--- DATA EXCERPTS Enclosed Below ---

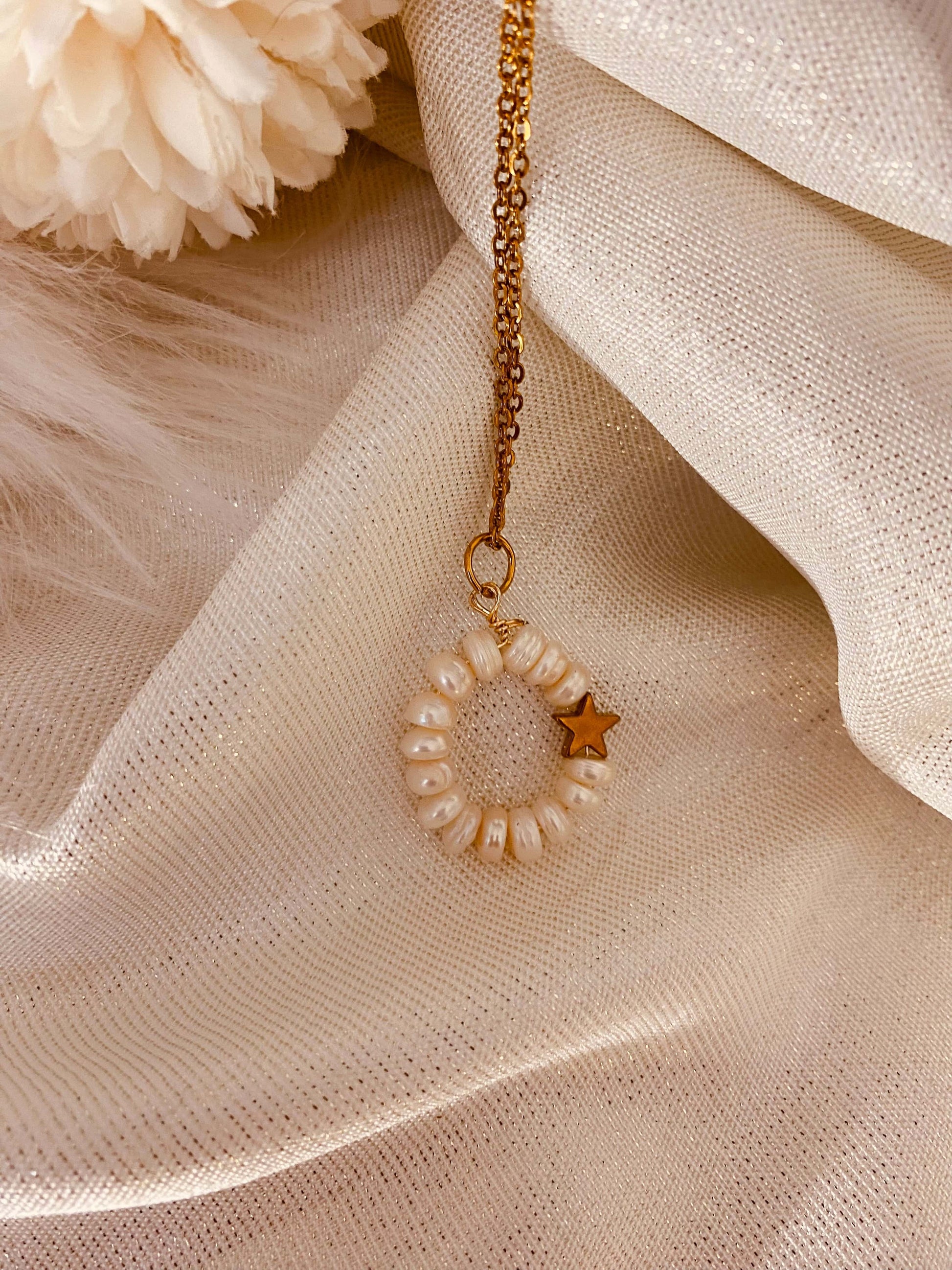 Delicada Cadena con aro de perlas naturales y detalle de Estrella en hematita. Largo 45cm
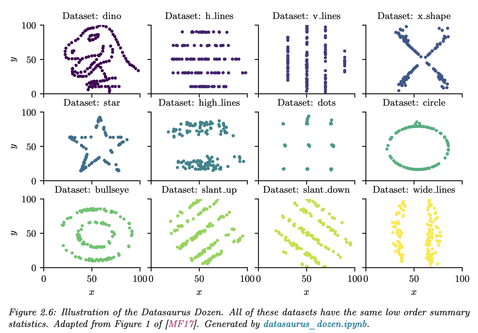 그렇지만 위 그림처럼 요약 통계량만 믿다가는 큰 코 다칠 수도 있다. 같은 요약통계량을 가지더라도 위와 같이 전혀 다른 데이터의 흐름 혹은 두 데이터의 관계를 설명하는 경우가 있기 때문이다. 1차원 데이터의 경우에는 아래처럼 박스플랏 대신 분포를 육안으로 설명해주는 바이올린플랏으로 데이터를 시각화하여 문제를 해결할 수도 있다.
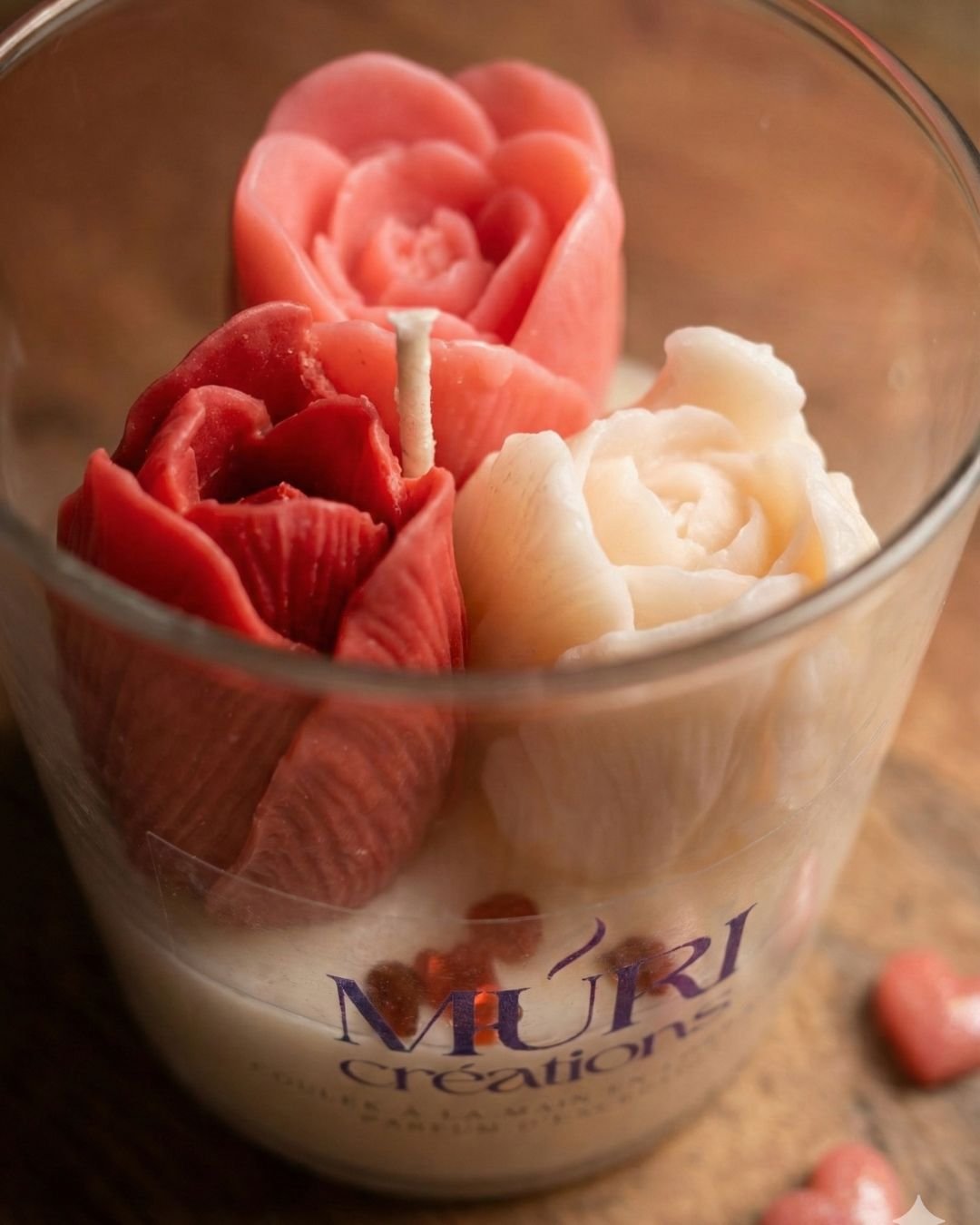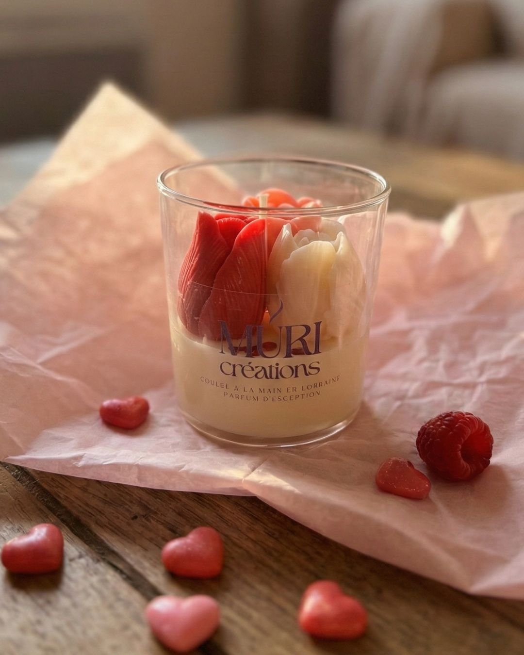 Déclarez votre flamme avec cette magnifique bougie artisanale surmontée d’un trio de tulipes en cire. Un parfum envoûtant mêlant fraîcheur et notes boisées. Fait main en Lorraine.
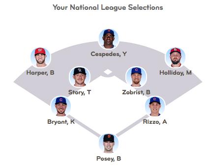 ** : Les images des sélections sont prises à partir du site MLB.com et ne permettent pas de placer les OF selon leurs positions respectives
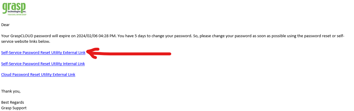 Please keep an eye out for password expiration emails from GraspCLOUD. you will begin receiving 14 days prior to your password expiring. Resetting your password in advance prevents you from having to reset your password in a pinch!
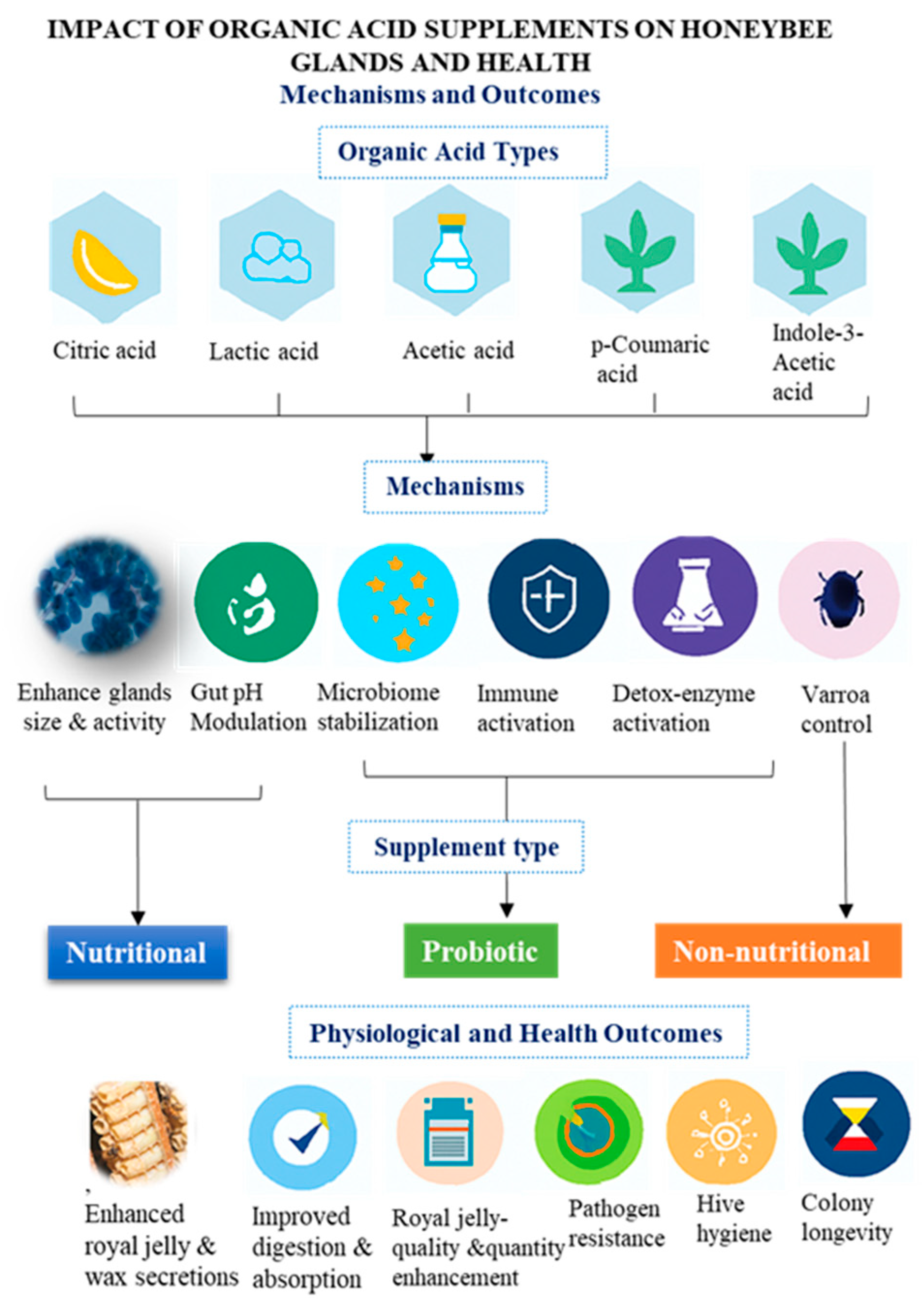 | Citric Acid | Direct acid (synthetic/natural) | MDG, HPG, Salivary glands | Enhances gland size, royal jelly quality, wax secretion, pollen consumption | [23,71,72,73] |
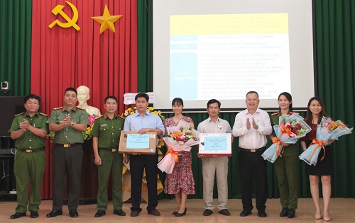 Ông Chu Văn Việt (thứ ba từ phải qua) tặng máy móc, phương tiện cho Tổ công tác và Tổ giúp việc mô hình “Ứng dụng công nghệ thông tin thực hiện Đề án 06 phục vụ chuyển đổi số, nâng cao hiệu quả cải cách hành chính trên địa bàn phường Tân An”
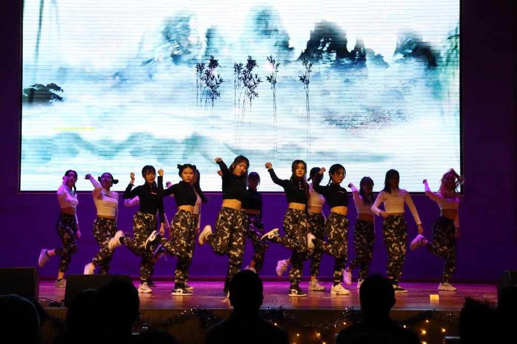 又一轮激动人心的抽奖环节过后,四重奏《英雄之路》与街舞《11.28shots》充满青春活力的舞姿让观众们赞叹连连。晚会在法知歌队带来的歌曲串烧中逐渐走向尾声,最后在团学人员合唱的《我和我的祖国》的歌声中圆满落幕。
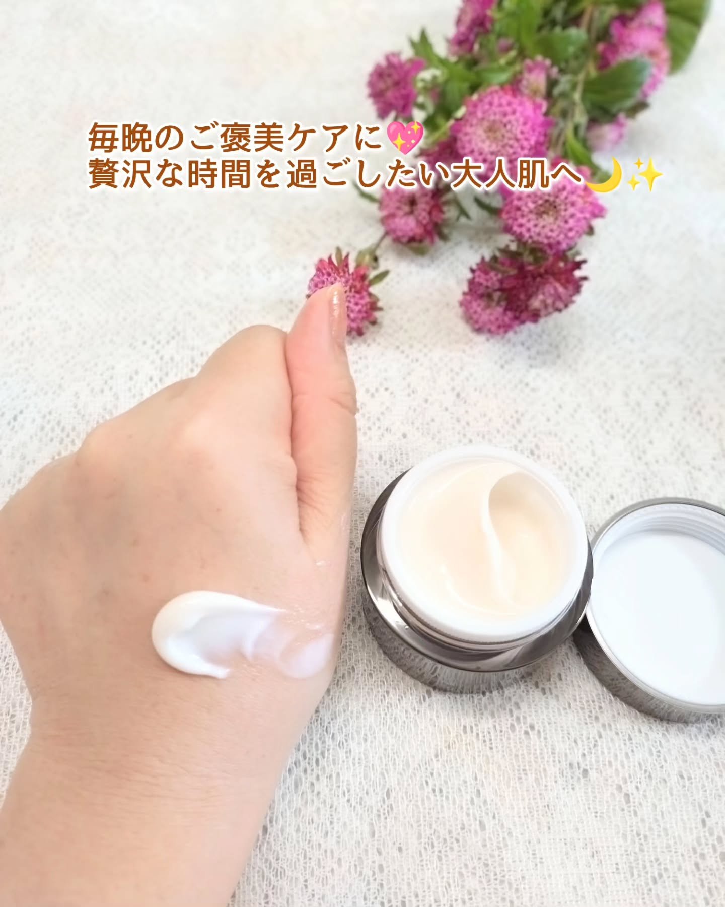 b.glenスーパーQuSomeクリーム美容クリニックでも使われている効果の高い成分、“塗るボトックス”と呼ばれるボツリヌス由来ペプチド、サーモン由来PDRNを贅沢に配合。優雅な夜のスキンケアタイムになっています。翌朝の肌触りが変わるそう!秋...

--- End of Enclosed DATA EXCERPTS ---

Beginning with the first line of the entries above, repeat each line word for word until the line with "consumption | [23,71,72,73] |" has been given too. Omit the pictures.

 Delicada Cadena con aro de perlas naturales y detalle de Estrella en hematita. Largo 45cm
 그렇지만 위 그림처럼 요약 통계량만 믿다가는 큰 코 다칠 수도 있다. 같은 요약통계량을 가지더라도 위와 같이 전혀 다른 데이터의 흐름 혹은 두 데이터의 관계를 설명하는 경우가 있기 때문이다. 1차원 데이터의 경우에는 아래처럼 박스플랏 대신 분포를 육안으로 설명해주는 바이올린플랏으로 데이터를 시각화하여 문제를 해결할 수도 있다.
 Déclarez votre flamme avec cette magnifique bougie artisanale surmontée d’un trio de tulipes en cire. Un parfum envoûtant mêlant fraîcheur et notes boisées. Fait main en Lorraine.
 ** : Les images des sélections sont prises à partir du site MLB.com et ne permettent pas de placer les OF selon leurs positions respectives
 Please keep an eye out for password expiration emails from GraspCLOUD. you will begin receiving 14 days prior to your password expiring. Resetting your password in advance prevents you from having to reset your password in a pinch!
 | Citric Acid | Direct acid (synthetic/natural) | MDG, HPG, Salivary glands | Enhances gland size, royal jelly quality, wax secretion, pollen consumption | [23,71,72,73] |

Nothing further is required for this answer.